What you do for a living and where you spend your time can also lead to headaches. You might have already had experience with this type of environmental trigger if you work in a place where you inhale fumes or toxins. Some environmental substances that can lead to headaches include: turpentine, carbon tetrachloride, benzine, formaldehyde, heavy metals (especially lead), and carbon monoxide.

Other workplace conditions to consider are bright lights, glare, noise, and eyestrain.

Vision-Related Headaches. Although headaches related to eye disorders occur much less frequently than is generally supposed, eyestrain and diseases of the eye can lead to headaches. Straining your eyes through excessive reading or squinting at a computer screen, for example, will fatigue muscles controlling eye movement. You also may suffer vision-related headaches if you habitually work under flickering fluorescent lights.

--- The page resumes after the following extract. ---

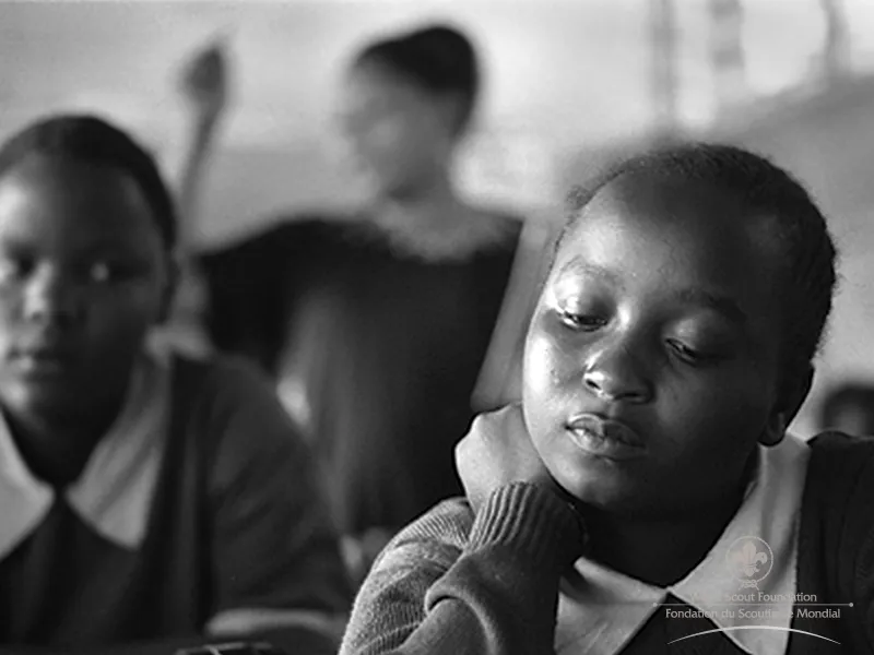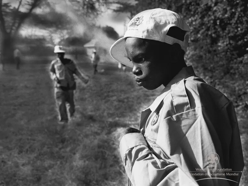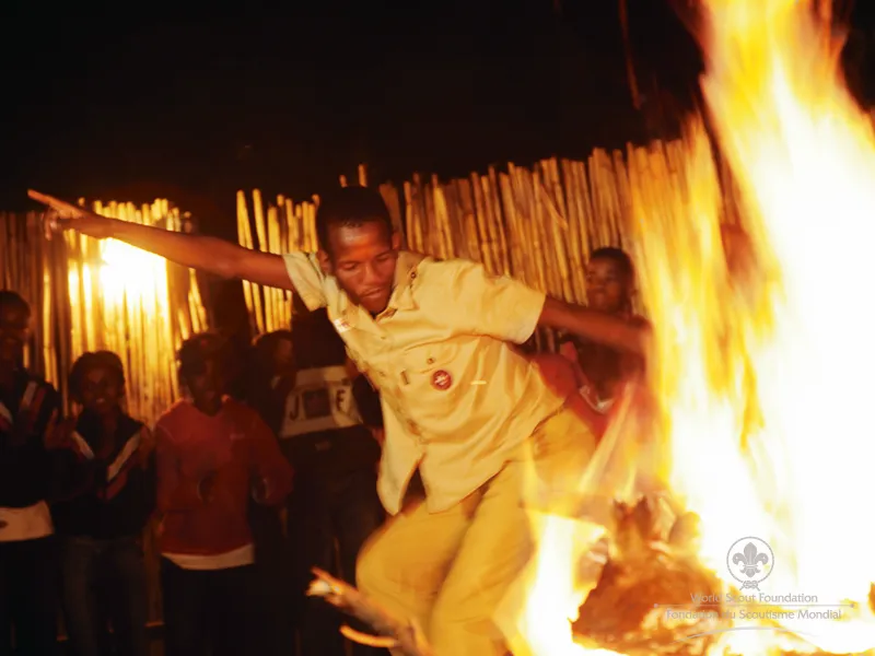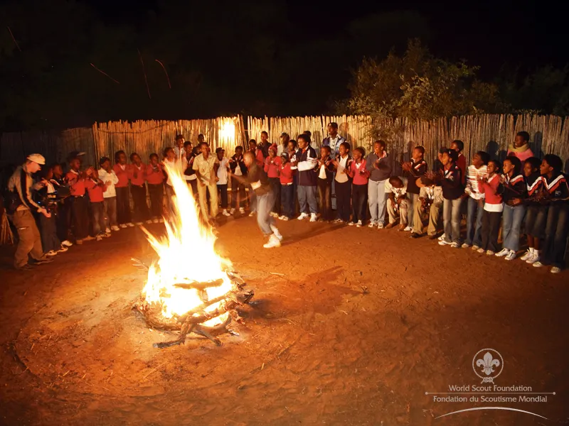 A Scout sings and dances at a campfire … this image is timeless … he is in a special world away from his regular surroundings … behind him is darkness and the unknown. Around him are his Scout friends, and in front is a warm and welcoming fire … he sings, he jokes, he dances … he builds his confidence, he is among friends who join him … he can be anything he wants here, he is anything he wants to be! This could be any year since the founding of Scouting in 1907. It could be any place in the 155 countries where Scouting has taken root, and this young man could be any one of the 28 million young men or women in Scouting today, or any of the 500 million who have worn a Scout uniform in the last 100 years. This particular young man is Jacob, a 16-year-old Scout, running a course on HIV/AIDS for children from a deprived community near Mafikeng, in South Africa, one hundred years after Scouting started. Jacob and his fellow Scouts lead a class of 30 children, aged between 9 and 12 years, most of their students are AIDS orphans, and Jacob uses the campfire to build a sense of trust among his students and to help these children believe that change is possible … the children sing, dance, grow … and believe! Jacob and the other Scouts (aged 14 to 17 years) are now the “older generation” in the fight against HIV infection in South Africa … their job is to instil in the “younger generation” a sense of hope for the future, a confidence that responsible behaviour is OK, and a belief that their own actions can help them grow up safely. As Jacob says, “We are making a gift to future generations in Africa – so that they will live without AIDS.” The campfire scene is timeless, and the work that Jacob and other Scouts are doing is timeless too. Like generations of Scouts before them, they have developed leadership skills, and like the Scouts before them, they want to use these skills to change their world! And guess what? They will succeed!

It's difficult to separate eyestrain headache from tension headache. Sitting in the same position for extended periods of time, while reading or typing on a computer, will certainly strain neck and shoulder muscles as well as the eyes.

Narrow-angle glaucoma, a rare eye disease, can cause pain around the eye, forehead, or temple region. Its symptoms mimic those of migraine or cluster headache, so if you have either problem it's important to get your eyes checked, both for this condition and for general vision impairment.

Other Factors. Some headache sufferers experience head pain during or after such exertion as playing tennis, jogging, jumping rope, playing handball, and sexual orgasm. Changes in the weather can change body chemistry, and have been known to trigger headaches. Heavy cigarette smoking and motion can also lead to headache.